Due to the task is to find the nearest neighbor of each row, dimension reduction could only be applied on the columns. We indeed are simultaneously using appropriate methods for reducing the column dimension. The experiment is still in progress.
Thanks for the suggestions! I still have a little question that in the class flylsh fuction query_lowd_bins, there is a line valid_bins=np.flatnonzero((query_bin[None,:]^self.lowd_bins).sum(axis=1)<=2*search_radius)

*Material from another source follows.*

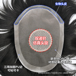青島通気性メンズウィッグ、完全人毛ヘアピース、頭頂部補充用ヘアピース、完全手織りヘアピース、通気性があり軽量

. May I ask why the search_radius variable has to multiply 2? Does the 2 have some special usages?
Thank you!
Ah, I was hoping somebody would ask this question. Please see this comment which I initially made in reference to the FlyHash algorithm. The hash from fly algorithm has a fixed number of 1s in it. So, whenever two fly hashes differ at one position, they must also differ at another complementary position. This is because when you try to modify a flyhash by taking out a 1 from some position, you must put that 1 at another position which initially had a 0 in it. For easy illustration, let us consider the family of 4 dimensional fly hashes with exactly 2 1s in each hash. We consider one such hash, say H = [1,0,0,1]. If we want to modify this hash and get another valid hash, we will have to take one 1 from H[0] or H[3], say H' = [1,0,0,0]. The L1 distance between H and H' is 1, but note that H' is not a valid fly hash yet since a valid fly hash would contain at least two 1s, so we must add another 1 at either H'[1] or H'[2], say, H'' = [1,0,1,0]. Now, the L1 distance between H and H'' is 2. Since, H[3] is 1 and H''[3] is 0, there must be another position, x where H[3] is 0 and H''[3] is 1. In this example, x happens to be 2. For ease of understanding, you can try removing the comment from the line I mentioned above and print out the L1 distances on random data. You will see that they are all even.
I see! Thanks a lot. Your comment is very helpful. Issues close.